As noted in its most recent trading update, IQE's license income from joint ventures would be less than £2m in 2017.

“The only profits that IQE has earned from the joint ventures is a book profit on the initial contribution on fixed assets in the setup of the Cardiff joint venture, and through the licensing of its intellectual property to both joint ventures.

“In the case of the Cardiff joint venture (CSC), the consideration for intellectual property licensing has been a combination of cash and receivable long-term loans.”

IQE said that both sources of consideration had been “clearly stated” in IQE's annual reports and financial statements.

“The revenue that the joint venture generates from IQE meets the cash cost of the joint venture's operation, at no financial gain or loss to IQE.

“The EBITDA loss of the joint venture in 2016 was £0.7m, representing the cost of its own management, business development, and administration.

“The joint venture also has non-cash charges for amortisation of its intellectual property license and a depreciation of assets which gives a net loss of £4.4m.”

IQE’s board said that was detailed in its annual reports, adding that the ShadowFall report implied that the company had used the joint venture to ‘hide’ costs of IQE's own business, “which is inaccurate”.

In the case of the Singapore joint venture (CSDC), to support that business through its start up years, IQE said it licensed intellectual property and leased surplus molecular beam epitaxy (MBE) capacity to the joint venture on a contingent basis.

It said those charges only become payable by the joint venture to IQE to the extent that the joint venture generates surplus cash in each year.

“As required by International Financial Reporting Standards, the joint venture fully reflects these costs in its own accounts, whereas IQE only accounts for this as income when it has been received in cash.

“Excluding these contingent charges, the Singapore joint venture generated cash of approximately £2m from its operations in 2016, and hence paid approximately £2m of license income to IQE in that year.”

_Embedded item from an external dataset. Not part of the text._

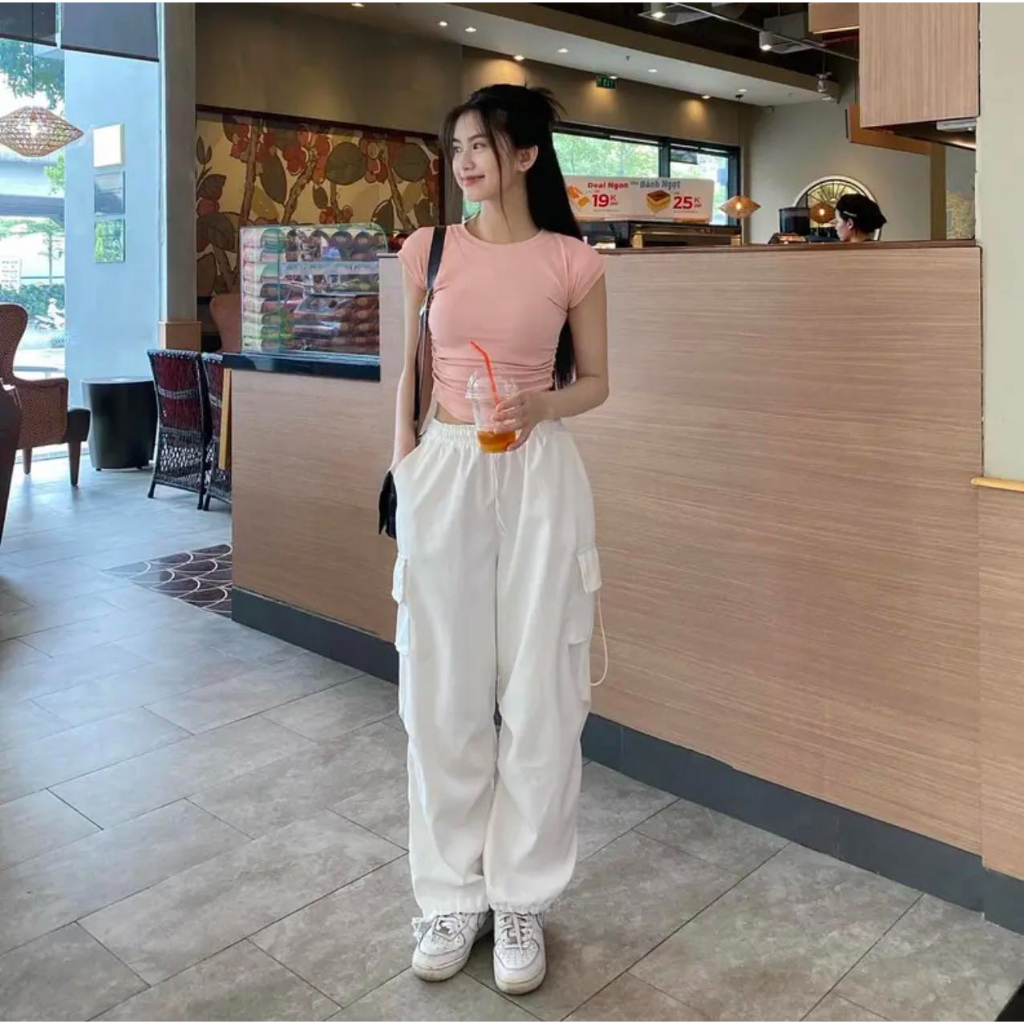 Color: white and pink Material: khaki True to description: true The product is beautiful, even though the shop advises size L, I have decided to choose XL and the truth is still very beautiful. Just go up 1 size if you want to wear baggy!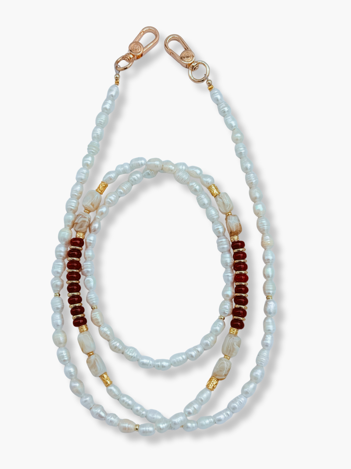 Handmade in Chatham, MA, Ivy is about 14–15 inches long and crafted with ethically sourced beads. It features luminous freshwater pearls paired with warm-toned beige rectangle beads, and rich red jade rondelles, and golden spacer disks for a touch of shine.

In order to reduce overall set up costs, IQE said it also contributed certain fixed assets to the Cardiff joint venture in return for its equity stake.

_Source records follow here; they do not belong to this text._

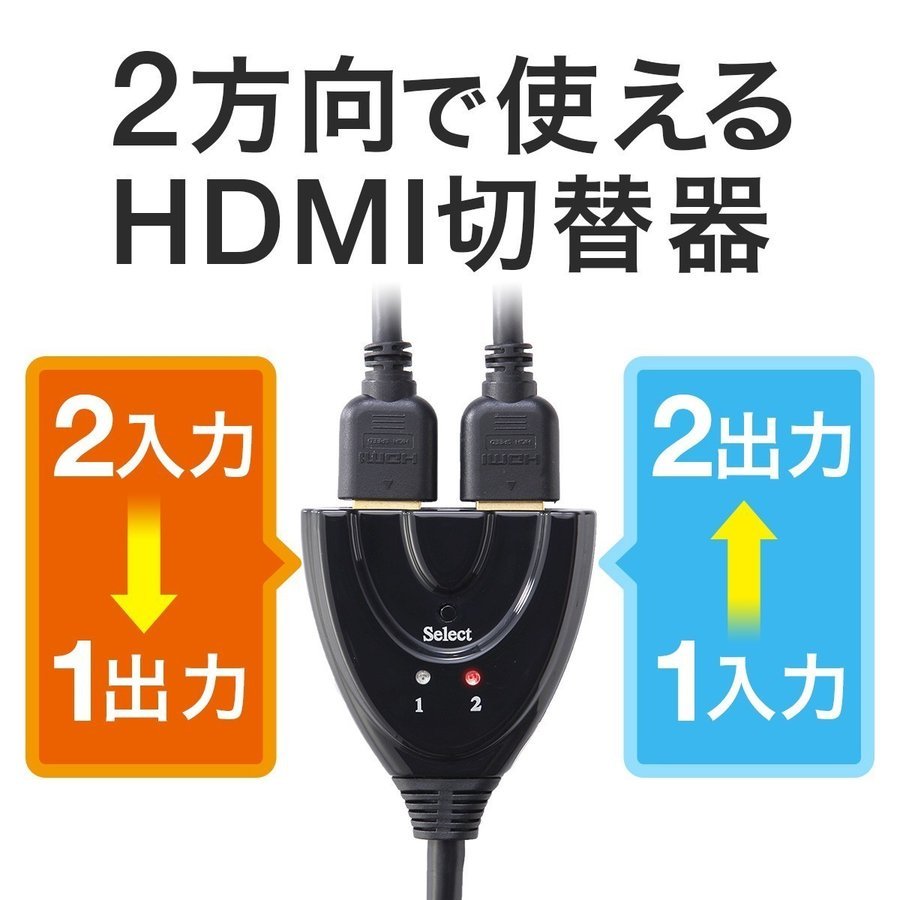 ●HDMI機器2台を切り替えて1台のテレビへ出力、またはHDMI機器1台を切り替えて2台のテレビやプロジェクター等に切り替えて出力できる双方向対応HDMIセレクターです。
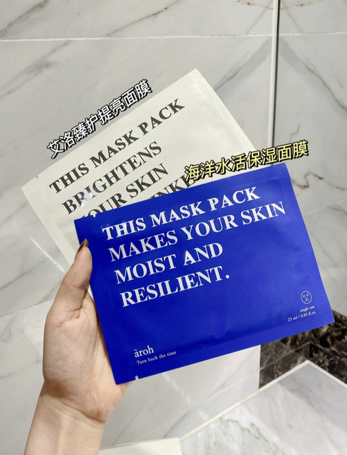 韩国女生都爱用的小众面膜,Aroh=“时光倒流”把拉丁语中意味着“时间”的hora倒写之后就是"阿罗"lns风设计,简约好看。
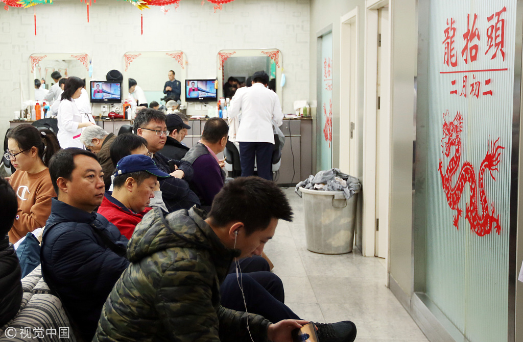 2019年3月8日,“二月二,龙抬头”,北京老字号四联理发店里,市民排队“剃龙头”。二月二恰逢“三八妇女节”,女顾客也多了起来。
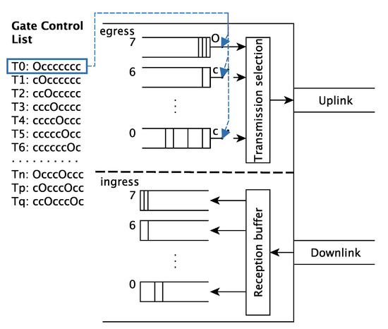Regarding the operation of TAS, each transmission gate can be in one of two states:(i) open: queued frames can be elected for transmission by the transmission selection algorithm, or (ii) closed: queued frames cannot be elected for transmission. Figure 2 shows the internal structure of a port that implements the TAS. At time instant T0, the gate of the egress queue of priority 7 is open, whereas the other gates are closed.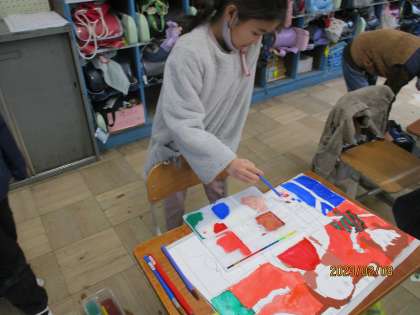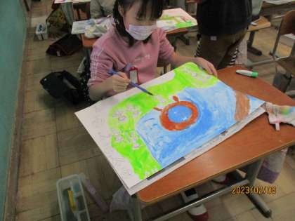 絵具で塗ったり,コンテやクレパスで塗ったり,または,タンポでトントンしたり,コンテを削ってぼかしたりしています。さらに,水をつけて絵具をおいてぼかす技法など,様々な技法を教えて,その中から自分の思いにあった技法で楽しく絵を描いていました。出来上がりが楽しみですね。
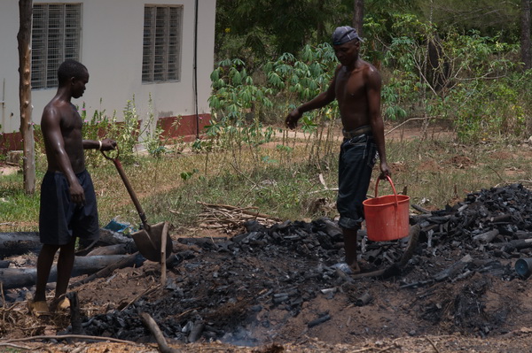 At the sisters' place the workmen have dimantled the charcoal pile and are cooling it all off.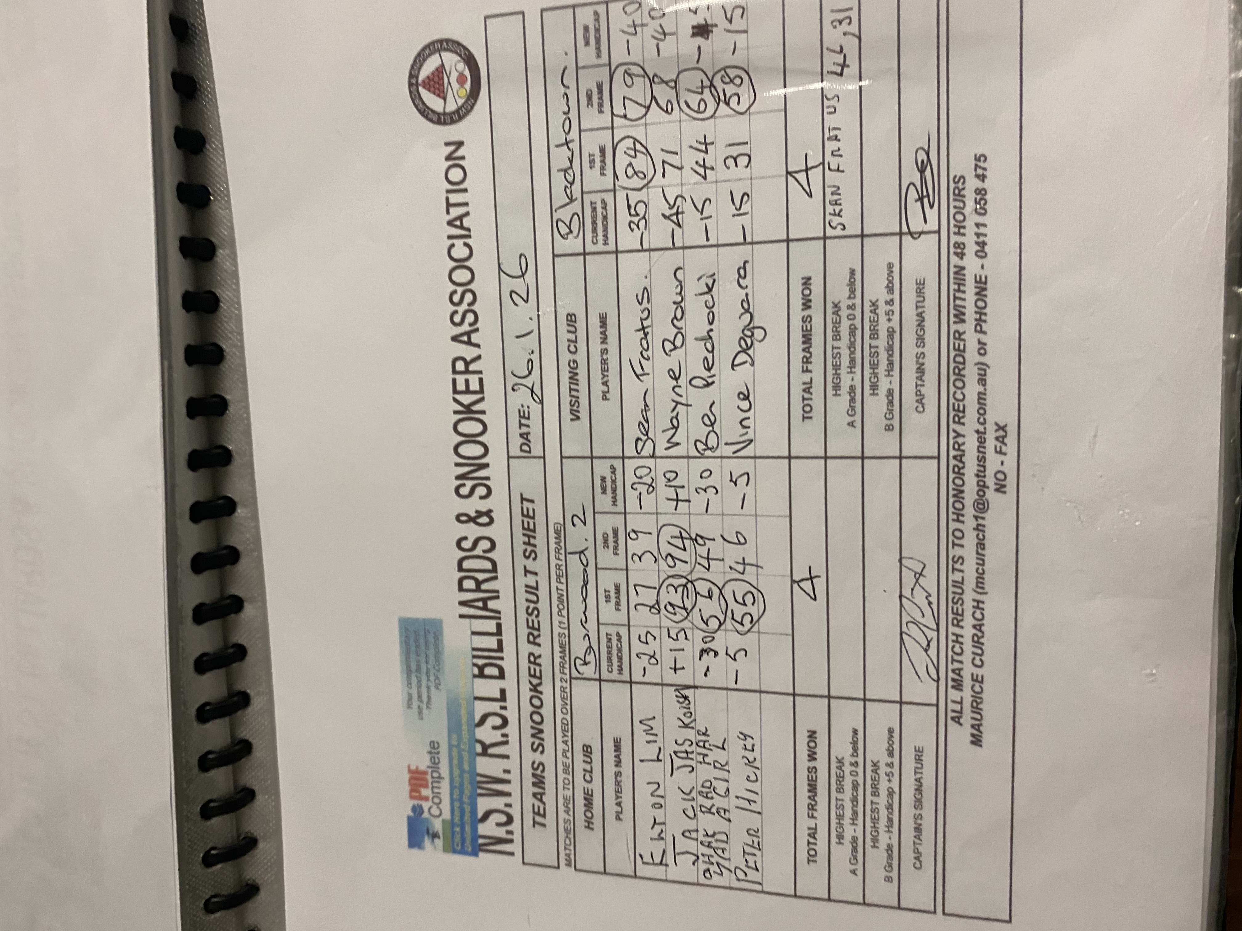 | Peter Hickey (-5) | Vince DeGuara (-15) | 2026-01-27 01:06:18 | Burwood #2 |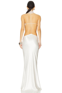 - Self 1:100% nylon Self 2: 76% acetate 24% polyester Lining 1: 95% viscose 5% spandex Lining 2: 97% polyester 3% spandex - Made in China - Dry clean only - Fully lined - Concealed side zipper with hook and eye closure Attached lace turtleneck button loop closure - Attached eyelash lace mockneck with button loop closure and adjustable back t-straps - Midweight satin fabric with lace trim and cut-out design - Neckline to hem measures approx 60" in length - Revolve Style No. ROFR-WD934 - Manufacturer Style No. HL24-8000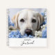 Un cuaderno con la imagen de un Labrador Recuperador amarillo con flores blancas y azules bonitos, personalizado con su nombre y el tipo de cuaderno que guarda - ya sea un diario, un diario de entrenamiento para perros, notas para criar cachorros o sólo un cuaderno divertido para uso diario. Hace un gran regalo para el amante del perro en tu vida.

That was undertaken at market value, as determined by an independent professional valuer mutually agreed by the joint venture partners.

Cardiff University match-funded that value in cash, in return for its equity stake in the joint venture.

Similarly, the board said the valuation of the intellectual property was validated by an independent accounting firm in a report to the joint venture board.

“The difference between IQE's EBITDA and its free cash generation can be readily identified from IQE's annual reports and financial statements, namely investment in R&D and capital expenditure, and an acquisition in 2012 which was paid for through an earnout,” the board explained when it came to its books.

In 2012, IQE acquired the MBE epi-wafer manufacturing unit of RF Micro Devices, with the acquisition consideration being settled through a trade discount on sales by IQE to RFMD for a fixed period of four years.

In accordance with IFRS, that discount was classified as part of working capital.

IQE said that was described in its annual reports and financial statements, and detailed in the notes to the cash flow statement.

“Had the company financed this acquisition through debt or equity finance, the payment to acquire this business would have been excluded from the calculation of the free cash generation.

“As previously reported, this discount period ended in 2016.

“IQE now fully owns the acquired facility in North Carolina - original cost $110m - and RFMD, now Qorvo, remains a key customer for IQE.”

Looking ahead, as stated in its pre-close statement on 20 December, IQE expected full year revenue to be ahead of market expectations, and to be not less than £150m for the year to 31 December.

“Wafer sales are on track to deliver strong double-digit growth in 2017 and to continue to diversify, while annual growth in Photonics is also expected to achieve triple-digit growth,” the board explained.

“The company remains confident in its outlook for 2018 and beyond.”

IQE said it was scheduled to report its full year results for 2017 on 20 March, and would provide forward-looking guidance at that time.